___ Records for this exercise ___
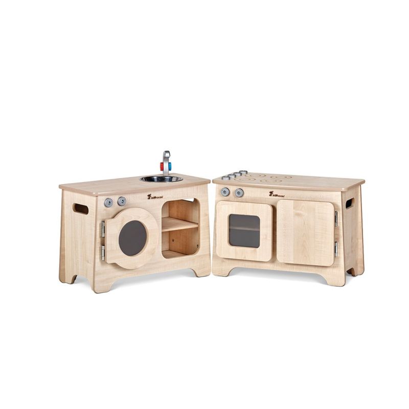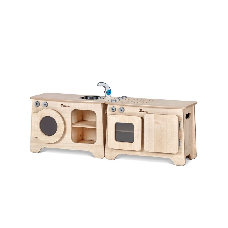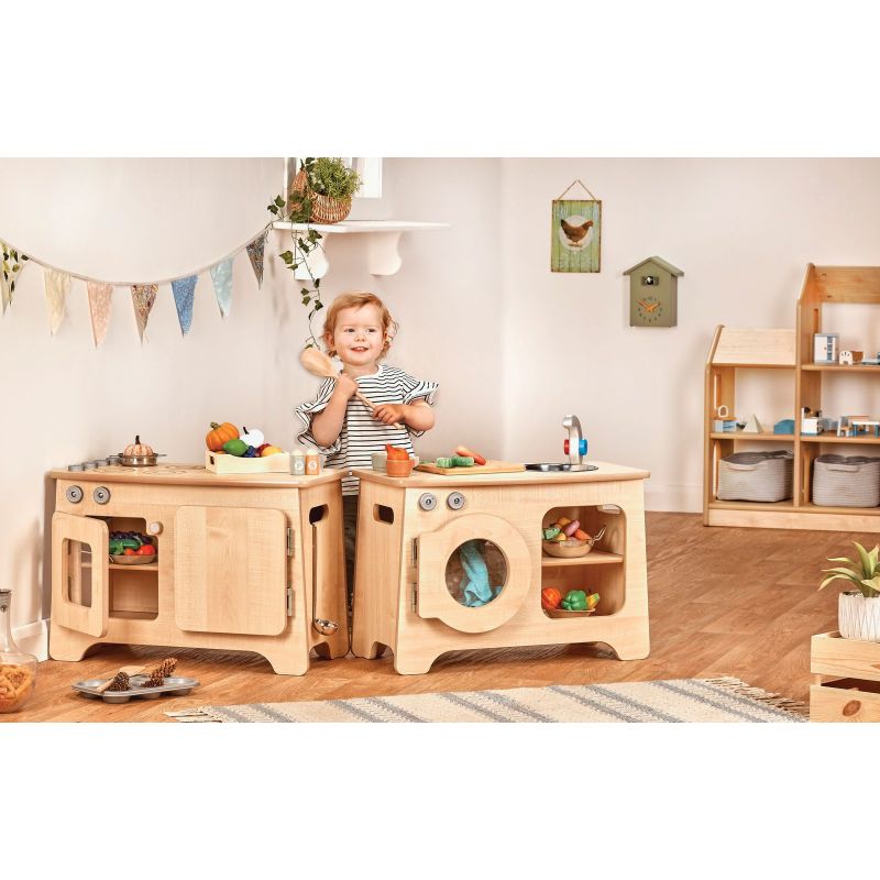 Dotés de détails réalistes tels que des boutons rotatifs, un robinet et un évier, des étagères de rangement pratiques et des charnières anti-pincement pour plus de sécurité, ces modules attrayants invitent les enfants à explorer les gestes du quotidien à travers un jeu créatif et imaginatif.
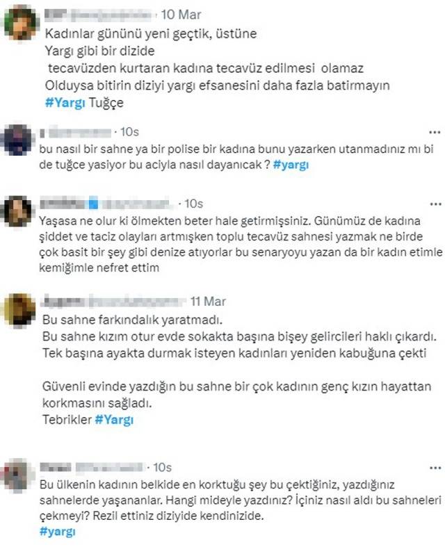 Qısa zamanda serialın ssenari müəllifi Səma Ergenekon sosial mediada gündəm olub. İstifadəçilər “Bu səhnəni yazanda utandınmı?”, “Bu səhnə maarifləndirmək əvəzinə bir çox qadını qorxutdu”, “Utanmaz birdə detallarla çəkilib” kimi şərhlər yazılıb.
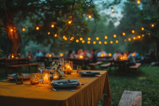 blurred summer background of a summer garden party, with tables set up with bright tablecloths, string lights hanging overhead, and guests mingling in the background. stock photo.rule of thirds .
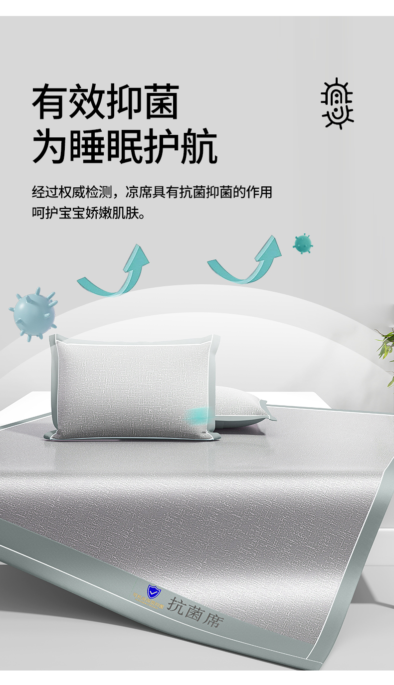 席佬大 2025新款可机洗抗菌除螨冰藤席绑带款 床笠款 凉席 绅士灰(床席款)
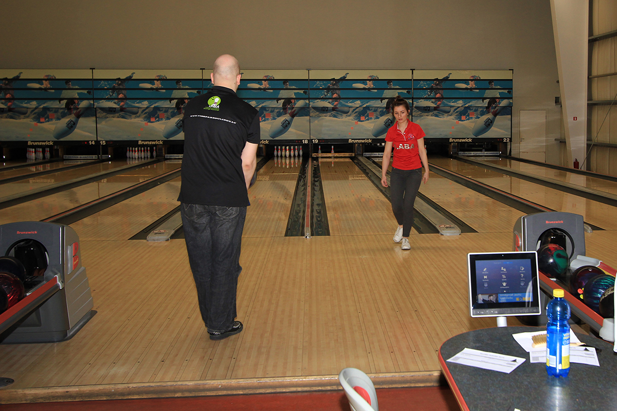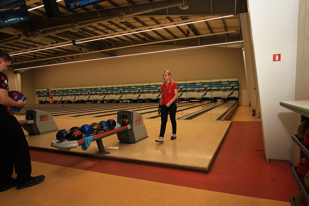 Pink Panther and Big Nose compete in a serious game of bowling.
___
▶ _Exercise instructions_
Exactly as written, print each entry, leaving all pictures out.

▶ _Response below_
 Dotés de détails réalistes tels que des boutons rotatifs, un robinet et un évier, des étagères de rangement pratiques et des charnières anti-pincement pour plus de sécurité, ces modules attrayants invitent les enfants à explorer les gestes du quotidien à travers un jeu créatif et imaginatif.
 Qısa zamanda serialın ssenari müəllifi Səma Ergenekon sosial mediada gündəm olub. İstifadəçilər “Bu səhnəni yazanda utandınmı?”, “Bu səhnə maarifləndirmək əvəzinə bir çox qadını qorxutdu”, “Utanmaz birdə detallarla çəkilib” kimi şərhlər yazılıb.
 blurred summer background of a summer garden party, with tables set up with bright tablecloths, string lights hanging overhead, and guests mingling in the background. stock photo.rule of thirds .
 席佬大 2025新款可机洗抗菌除螨冰藤席绑带款 床笠款 凉席 绅士灰(床席款)
 Pink Panther and Big Nose compete in a serious game of bowling.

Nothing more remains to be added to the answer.